Signing on the dotted line can mean different things at different times to different people. It can be as simple as in signing to buy groceries or get one's car repaired or a little more serious as in signing one's tax forms or a home loan.
Or it can be as important as signing that next big-money NFL contract, to keep playing for one's current team or to change gears and start playing for another team.
Funny how Bilal Powell decided that whenever he became a free agent, he never wanted to sign off from the Jets.
"I had a couple of opportunities to leave, to go play for some Super Bowl-contending and playoff-contending teams," Powell reflected with newyorkjets.com's Eric Allen the day before he signed his one-day deal to retire as a Jet. "I remember one year, two of the teams that wanted me in free agency ended up playing each other in the Super Bowl.

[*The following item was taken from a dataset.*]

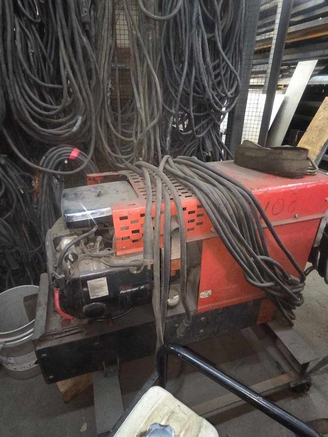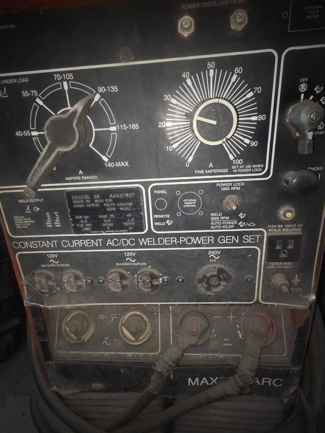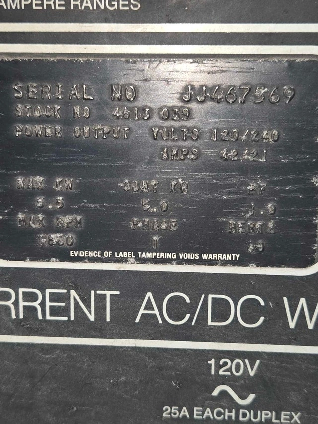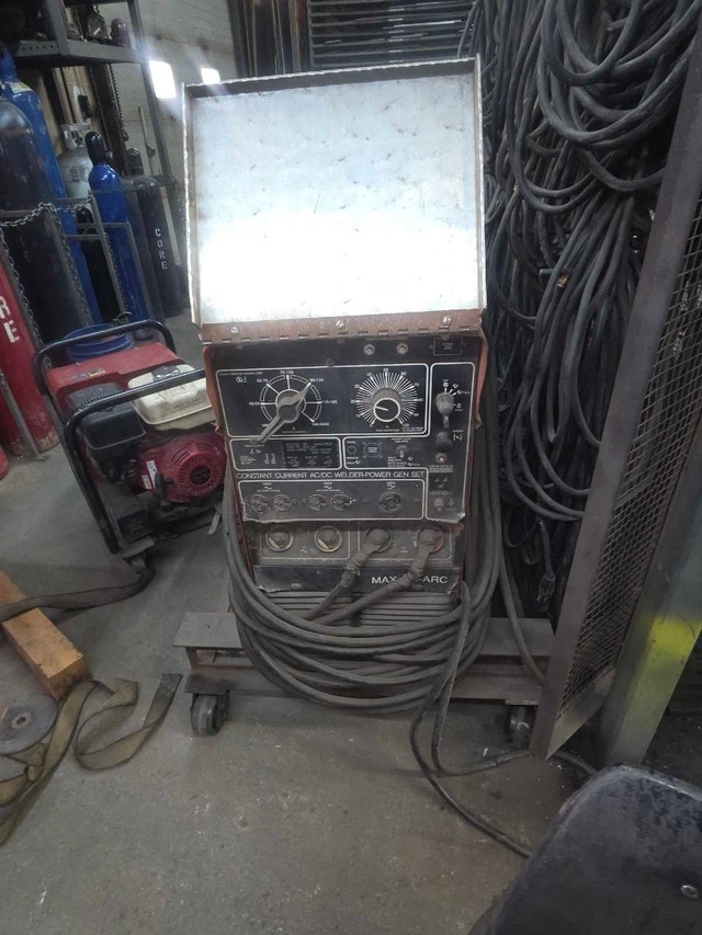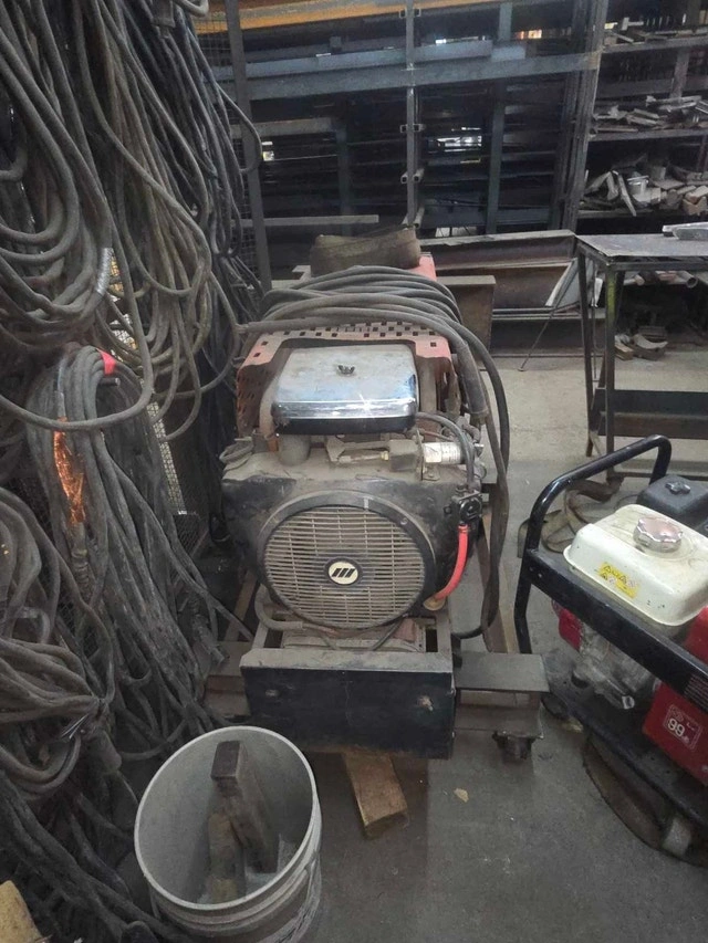 Older Onan/Miller Ac/Dc 18 h.p. gas engine welder-generator. Older unit with no hour gauge, probably around 2000 hrs but well maintained. Look at nameplate photo for machine specs. Can be fired up to test, but will need a battery for everyday use. Has constant power while welding plug (120 volt @ 9A). Also has 2 duplex 120 volt plugs for gen only @ 25A and one Nema 17 240 volt plug @ 21A. Comes with 50 foot 1/o cables attached with twist lock tweco style ends. These machines were built to last and run consistent under heavy load and distance. $3000.00 O.B.O.

"I just always chose to come back to New York because I always wanted to see the trophy come back here again. It was a thing for me, deep down, when I signed my name on that contract to become a New York Jet, that I wanted to stay a New York Jet, and that was for me personally. I always wanted to see the trophy come back, not only for myself, but for the Jets fan base. I knew if we could just get that thing back, that atmosphere in that stadium, the culture in that stadium, is insane. I just always wanted to see that trophy back here."
Powell never got to do that, never even got to play in a playoff game as a Jets RB from his first day in the pros till his last. But he got a taste of the postseason in 2015, when the Jets played at Buffalo in the regular-season finale needing a win to get into the AFC playoff grid. Instead, they lost 22-17.

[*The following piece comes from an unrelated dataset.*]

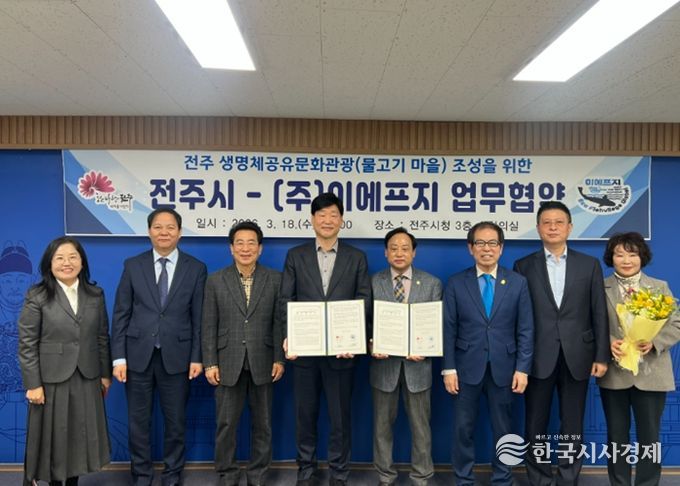 시는 18일 시청 3층 소회의실에서 윤동욱 전주 부시장과 류병덕 ㈜이에프지 대표 등이 참석한 가운데 ‘생명체 공유 문화관광(물고기마을)’ 사업 추진을 위한 업무협약을 체결했다.

"I go back a lot," he said. "I just knew if we would've gotten in, we would've run the table. I think we were that late-season team that nobody wanted to play. If we would've just gotten into the playoffs, I think we would've had a chance at running the table."
Some fans might say Powell is being a pigskin Pollyanna with that thought, but no matter. Many more fans grew to enjoy his nine-year career in green and white, to embrace No. 29. They were disappointed the Jets didn't make it to the playoffs, but once that was said, they got great satisfaction out of Powell's relentless game, his impressive numbers, his emerging attitude. And he reflected that great satisfaction back on his followers.
"It's not easy being a fan favorite in New York — there's some tough fans out there," Powell said. "But once they love you, they love you. It's one of the funnest teams and cities to play the game of football in. That fan base on gameday, it's something you just have to experience for yourself. ... Once the fans love you, it's like OK, I'm established. I think I never really tried to focus on that. But being who I was and staying consistent in who I was, I think that grew on the fans."
Who Powell came to be was much different than who he was growing up in Lakeland, FL. He shared his harrowing upbringing with Allen in a riveting story in 2017 and he summarized that upbringing during this interview when asked what he would tell a young Bilal about deciding to get on a successful career path, in football or in any other endeavor.
"Just seeing what the organization is doing for me now means a lot to me," he said. "But just looking back on myself and some of the obstacles I had to overcome throughout my life, I didn't think I'd be here. If I had the opportunity now to talk to that young man growing up, I'd tell him there's always a decision that's going to change the outcome of the rest of your life.
"I was blessed to overcome some of those decisions that I made to get here and to be a professional, to beat the odds. ... For me it was just a different focus that I had to go into, a huge decision that I had to make in high school to get a different focus, to become a part of that one percent in the entire world."
Nevertheless, the time has flown from the day Powell signed his first Jets contract as the team's 2011 fourth-round draft choice, and even from the time he played his last game, the 2019 season finale, also at Buffalo but this one at least a 13-6 win. He's now moved into his "second career," doing custom home building in Louisville, KY, with his wife, Jessica, a real estate agent and interior decorator, and on to his "next football job," serving as the head coach of his son's sixth-grade football team.
Yet he still goes back a lot. He savors 2015, followed by the '16 season that he called "one of my finest times here in New York." He is proud of being recognized as one of the best backs in franchise history, and of being offered another football opportunity, to sign that last, symbolic, contract to end his playing career as a member of the Green & White.
"Man, it's going to take me all the way back," Powell said of putting ink on that dotted line, "to the time when there were people who probably didn't believe in me. You don't think about the future at that time. Now, you think about all the moments, the memories. You miss certain things about it, right? And to know that this chapter of my life is closure for me and to understand I'm a Jet for life, I don't think too many guys can say that that came through and played this game."